I brewed what was supposed to be a Belgian Strong Dark Ale a few weeks ago (August 29th, to be exact).  I combined it with a club meeting/brew-in at my house.  (By the way, my homebrew club is the Cane Island Alers based out of Katy, Texas.)

Here’s the recipe I used:

Belgian Strong Dark Ale – 5 Gallons

14.00 lb Pilsner (2 Row) Bel (2.0 SRM) Grain 85.94 %
0.50 lb Caramunich Malt (56.0 SRM) Grain 3.07 %
0.38 lb Aromatic Malt (26.0 SRM) Grain 2.33 %
0.25 lb Special B Malt (180.0 SRM) Grain 1.53 %
0.16 lb Chocolate Malt (350.0 SRM) Grain 0.98 %
0.50 oz Magnum [14.00 %] (60 min) Hops 30.3 IBU
0.25 oz Hallertauer [4.80 %] (15 min) Hops 1.4 IBU
0.25 oz Hallertauer [4.80 %] (0 min) Hops
1.00 lb Belgian Candi Syrup (80.0 SRM) Sugar 6.14 %
1 Pkgs Abbey Ale (White Labs #WLP530) Yeast-Ale  
1 Pkgs Trappist Ale (White Labs #WLP500) Yeast-Ale

So, somewhere along the line (I think the sparge) I screwed up and my efficiency went to hell.  The OG was supposed to be in the high 1.080’s but ended up at 1.068.  In my defense, I was hosting a club meeting and drinking high alcohol beers while brewing.  Not a good combination for success!

I figured I’d fix it later, so I put it in the fermenter, pitched the yeast and went on not worrying about it.  The next day I contemplated adding some DME or some more Belgian candi syrup to bump up the gravity… but in the end, I decided, “Ah screw it.  Let it ferment out and call it a Dubbel.”

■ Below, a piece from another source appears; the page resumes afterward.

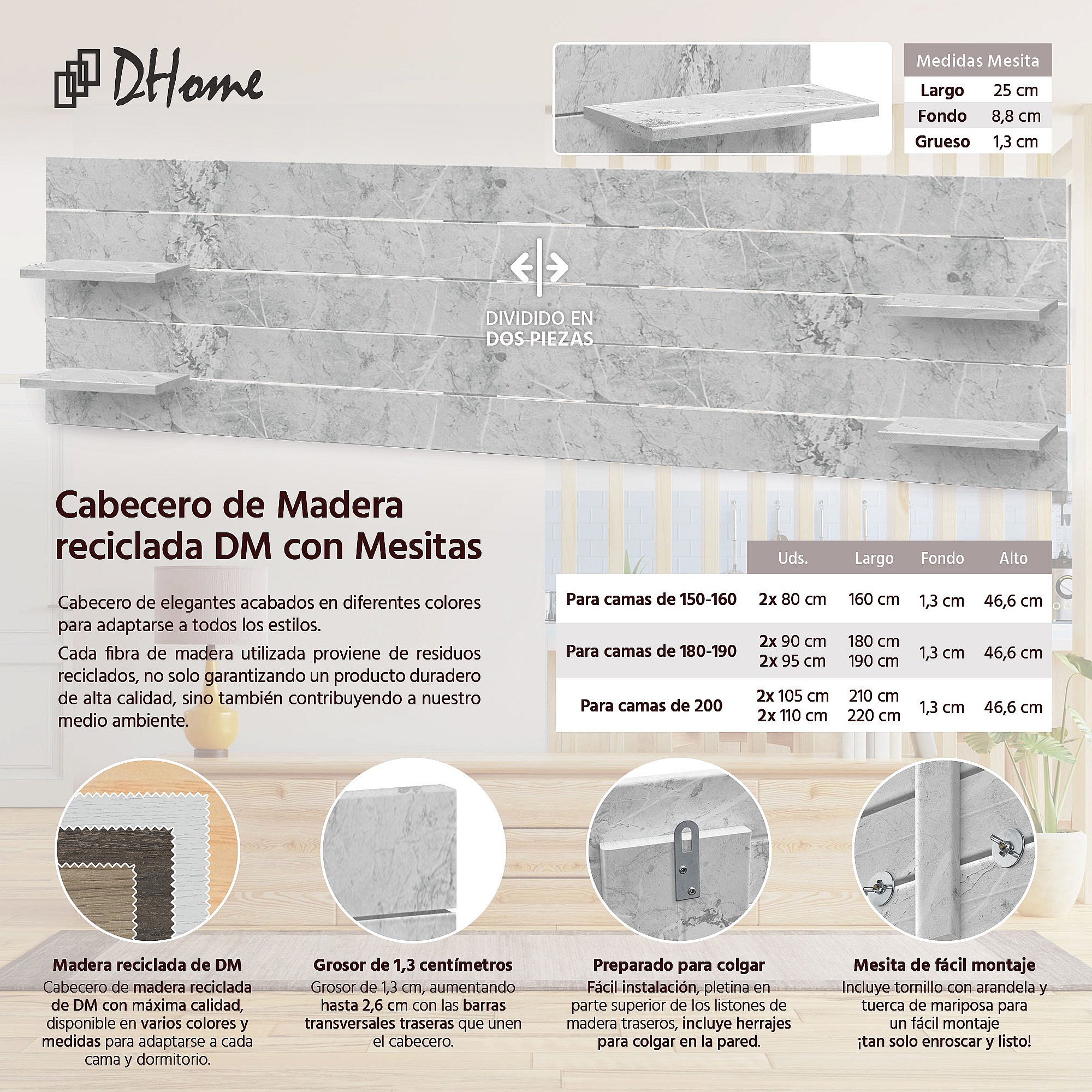 DHOME Tête de lit avec étagères en bois recyclé DM Tenture murale horizontale Style palette Lit nordique vintage (finition marbre 270 cm)

And so I did.  After 2 weeks of fermentation it was at 1.010, so it finished out just fine (and at 7.6%ABV).  Tastes alright, but it’s still quite young.  We shall see, I suppose!  Relax.  Don’t worry.  Have a homebrew…

Anyways, I dubbed it the Dubbel Duck and I made this label for my kegerator:  CLICK HERE

Hopefully this weekend I’ll transfer it to secondary and keg it in a week or so.  I figure I’ll give it 3-4 months before tapping, to let it try and reach full potential.